▶ PROBLEM TO SOLVE: No pictures, nothing altered: return the data below.

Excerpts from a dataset
┌──

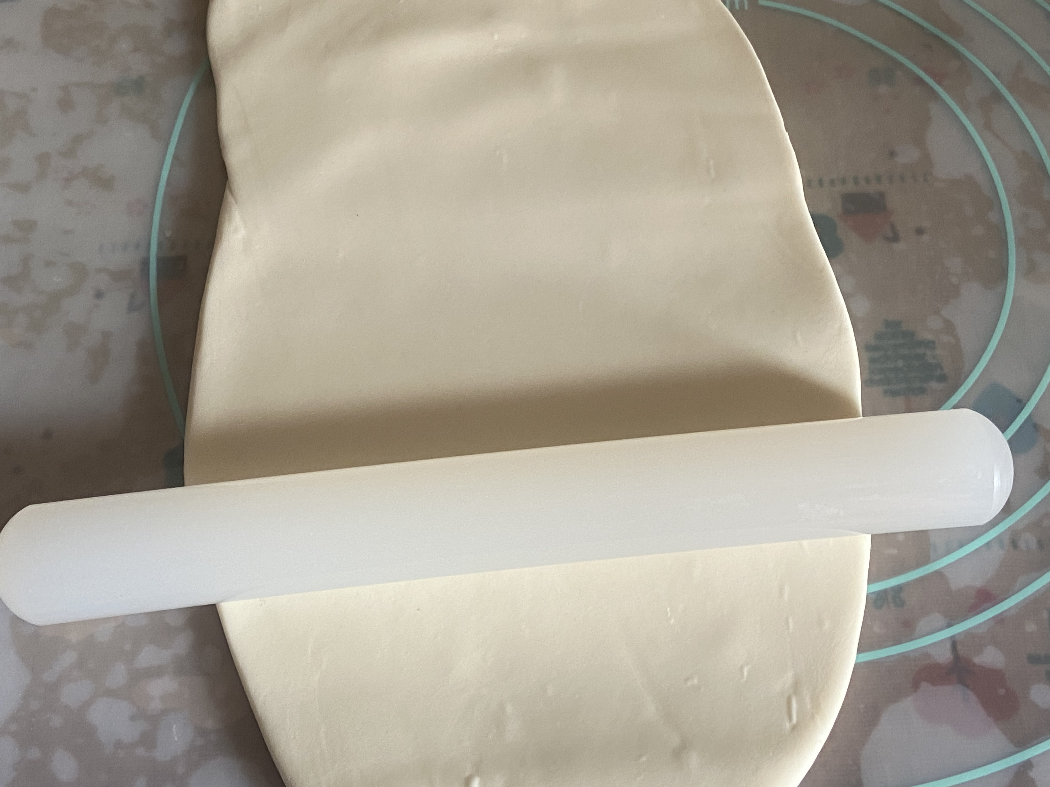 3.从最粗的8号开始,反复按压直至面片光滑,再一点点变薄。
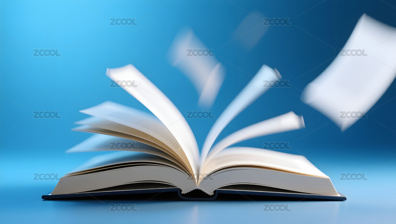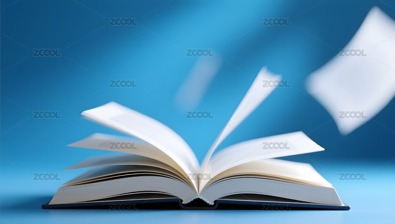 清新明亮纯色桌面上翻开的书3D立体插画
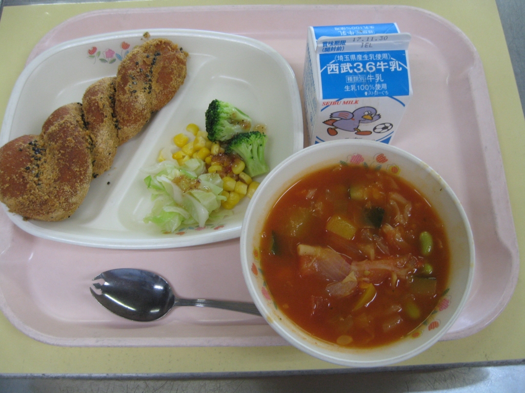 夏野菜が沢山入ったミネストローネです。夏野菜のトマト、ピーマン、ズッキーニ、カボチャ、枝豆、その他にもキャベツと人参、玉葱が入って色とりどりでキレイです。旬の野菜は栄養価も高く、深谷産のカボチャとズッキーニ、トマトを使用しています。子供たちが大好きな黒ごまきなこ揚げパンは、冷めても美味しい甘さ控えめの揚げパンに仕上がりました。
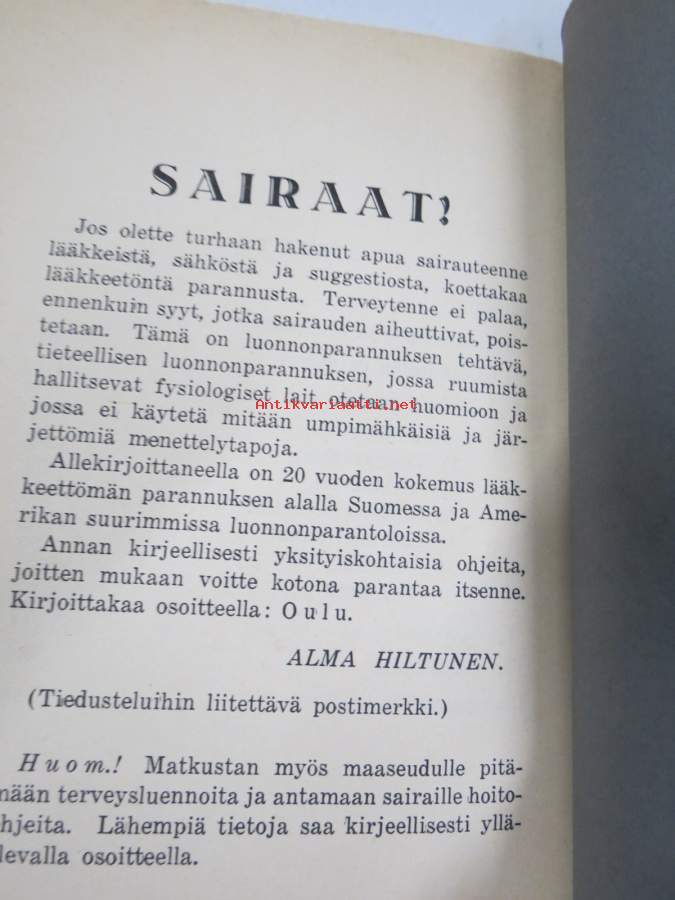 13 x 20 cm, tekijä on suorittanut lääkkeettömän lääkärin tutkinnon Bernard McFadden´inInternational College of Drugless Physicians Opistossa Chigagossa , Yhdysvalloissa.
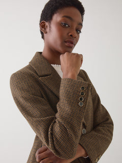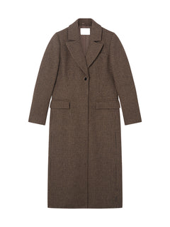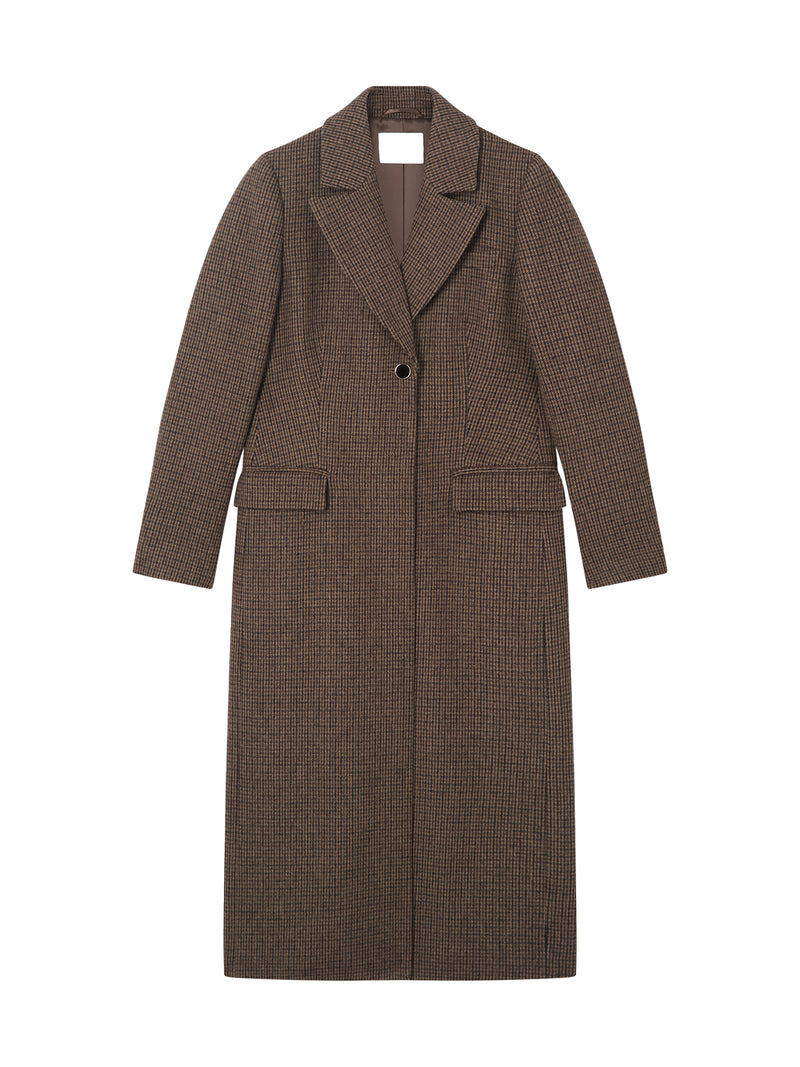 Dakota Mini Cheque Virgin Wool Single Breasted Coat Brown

└──

▶ TASK RESULT:
 3.从最粗的8号开始,反复按压直至面片光滑,再一点点变薄。
 清新明亮纯色桌面上翻开的书3D立体插画
 夏野菜が沢山入ったミネストローネです。夏野菜のトマト、ピーマン、ズッキーニ、カボチャ、枝豆、その他にもキャベツと人参、玉葱が入って色とりどりでキレイです。旬の野菜は栄養価も高く、深谷産のカボチャとズッキーニ、トマトを使用しています。子供たちが大好きな黒ごまきなこ揚げパンは、冷めても美味しい甘さ控えめの揚げパンに仕上がりました。
 13 x 20 cm, tekijä on suorittanut lääkkeettömän lääkärin tutkinnon Bernard McFadden´inInternational College of Drugless Physicians Opistossa Chigagossa , Yhdysvalloissa.
 Dakota Mini Cheque Virgin Wool Single Breasted Coat Brown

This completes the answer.